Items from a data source
^^^^

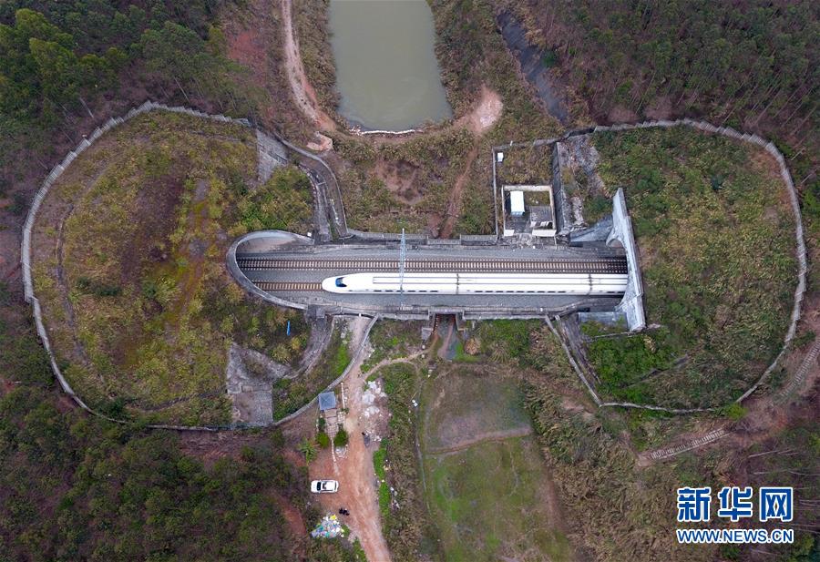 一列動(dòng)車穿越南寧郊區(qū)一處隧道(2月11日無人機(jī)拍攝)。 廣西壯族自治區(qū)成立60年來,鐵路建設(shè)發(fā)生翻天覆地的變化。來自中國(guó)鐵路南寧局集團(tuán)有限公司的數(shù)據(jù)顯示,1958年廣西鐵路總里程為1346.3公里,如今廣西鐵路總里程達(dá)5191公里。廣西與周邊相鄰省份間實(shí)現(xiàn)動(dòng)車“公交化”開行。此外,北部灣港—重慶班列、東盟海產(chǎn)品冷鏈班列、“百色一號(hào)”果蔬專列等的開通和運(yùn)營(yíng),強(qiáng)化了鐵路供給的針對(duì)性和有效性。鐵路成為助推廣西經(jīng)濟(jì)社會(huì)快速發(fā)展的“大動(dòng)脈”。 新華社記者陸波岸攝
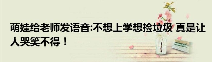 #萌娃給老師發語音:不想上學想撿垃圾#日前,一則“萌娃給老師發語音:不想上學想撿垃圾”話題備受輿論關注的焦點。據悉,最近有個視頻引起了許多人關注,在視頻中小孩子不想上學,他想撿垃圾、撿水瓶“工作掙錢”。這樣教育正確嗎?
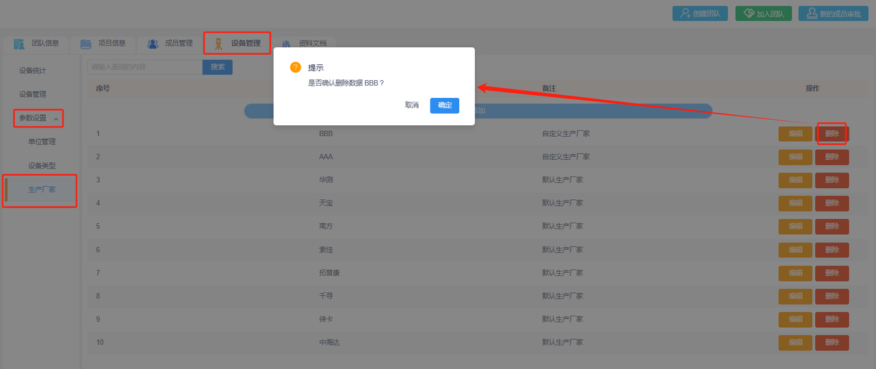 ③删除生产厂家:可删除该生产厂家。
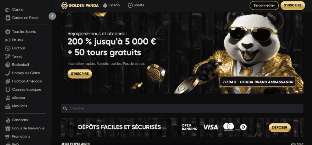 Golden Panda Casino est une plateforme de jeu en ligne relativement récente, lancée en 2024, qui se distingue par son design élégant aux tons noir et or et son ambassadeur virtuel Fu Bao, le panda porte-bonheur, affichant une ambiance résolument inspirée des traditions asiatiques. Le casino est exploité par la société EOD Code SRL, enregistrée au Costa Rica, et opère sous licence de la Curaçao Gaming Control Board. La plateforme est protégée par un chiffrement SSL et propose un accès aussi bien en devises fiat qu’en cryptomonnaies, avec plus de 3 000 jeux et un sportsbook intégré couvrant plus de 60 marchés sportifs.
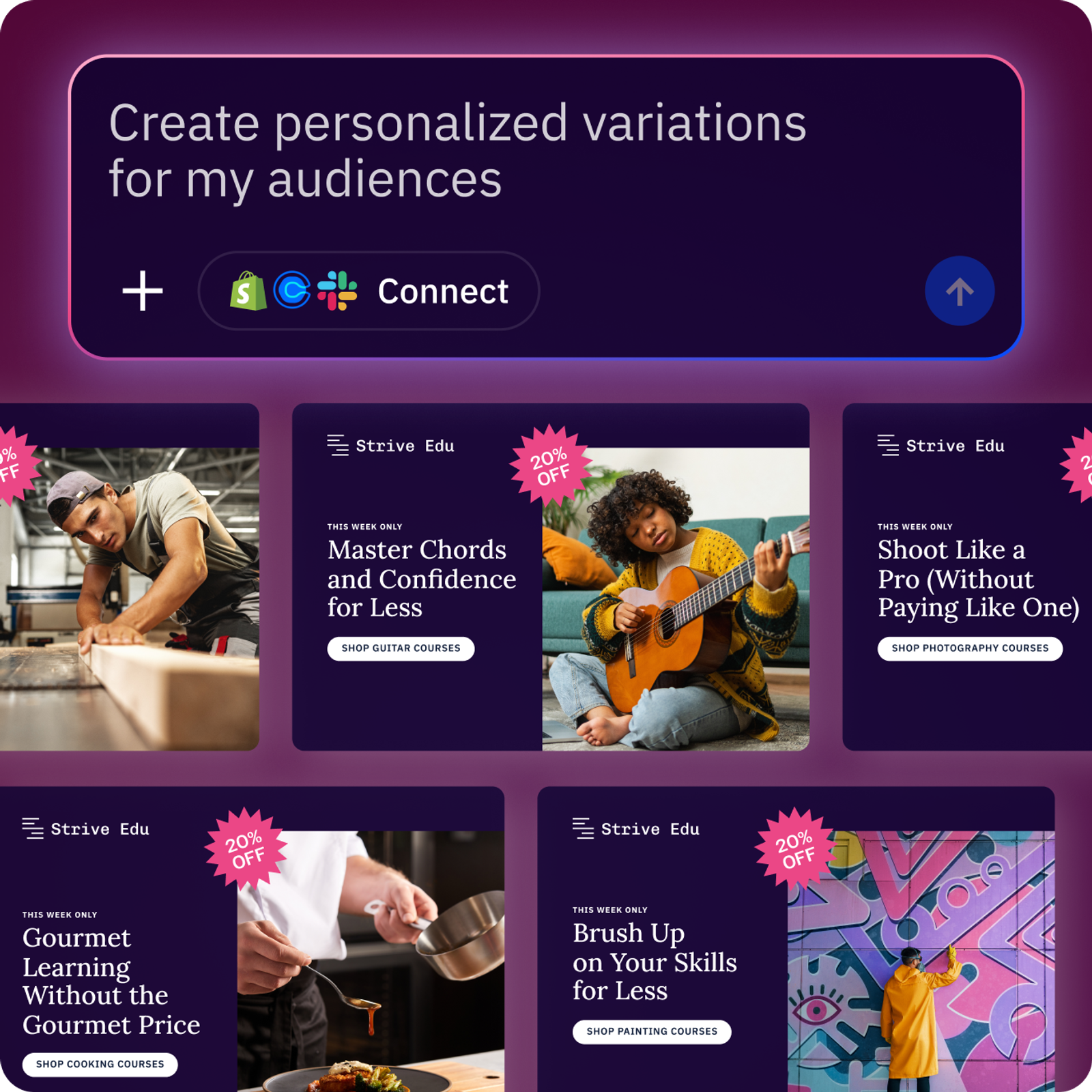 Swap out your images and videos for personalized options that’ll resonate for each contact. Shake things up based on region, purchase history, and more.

^^^^

§ Task brief:
The expected output is every entry above, retyped exactly, with the pictures removed.

§ Written solution:
 一列動(dòng)車穿越南寧郊區(qū)一處隧道(2月11日無人機(jī)拍攝)。 廣西壯族自治區(qū)成立60年來,鐵路建設(shè)發(fā)生翻天覆地的變化。來自中國(guó)鐵路南寧局集團(tuán)有限公司的數(shù)據(jù)顯示,1958年廣西鐵路總里程為1346.3公里,如今廣西鐵路總里程達(dá)5191公里。廣西與周邊相鄰省份間實(shí)現(xiàn)動(dòng)車“公交化”開行。此外,北部灣港—重慶班列、東盟海產(chǎn)品冷鏈班列、“百色一號(hào)”果蔬專列等的開通和運(yùn)營(yíng),強(qiáng)化了鐵路供給的針對(duì)性和有效性。鐵路成為助推廣西經(jīng)濟(jì)社會(huì)快速發(fā)展的“大動(dòng)脈”。 新華社記者陸波岸攝
 #萌娃給老師發語音:不想上學想撿垃圾#日前,一則“萌娃給老師發語音:不想上學想撿垃圾”話題備受輿論關注的焦點。據悉,最近有個視頻引起了許多人關注,在視頻中小孩子不想上學,他想撿垃圾、撿水瓶“工作掙錢”。這樣教育正確嗎?
 ③删除生产厂家:可删除该生产厂家。
 Golden Panda Casino est une plateforme de jeu en ligne relativement récente, lancée en 2024, qui se distingue par son design élégant aux tons noir et or et son ambassadeur virtuel Fu Bao, le panda porte-bonheur, affichant une ambiance résolument inspirée des traditions asiatiques. Le casino est exploité par la société EOD Code SRL, enregistrée au Costa Rica, et opère sous licence de la Curaçao Gaming Control Board. La plateforme est protégée par un chiffrement SSL et propose un accès aussi bien en devises fiat qu’en cryptomonnaies, avec plus de 3 000 jeux et un sportsbook intégré couvrant plus de 60 marchés sportifs.
 Swap out your images and videos for personalized options that’ll resonate for each contact. Shake things up based on region, purchase history, and more.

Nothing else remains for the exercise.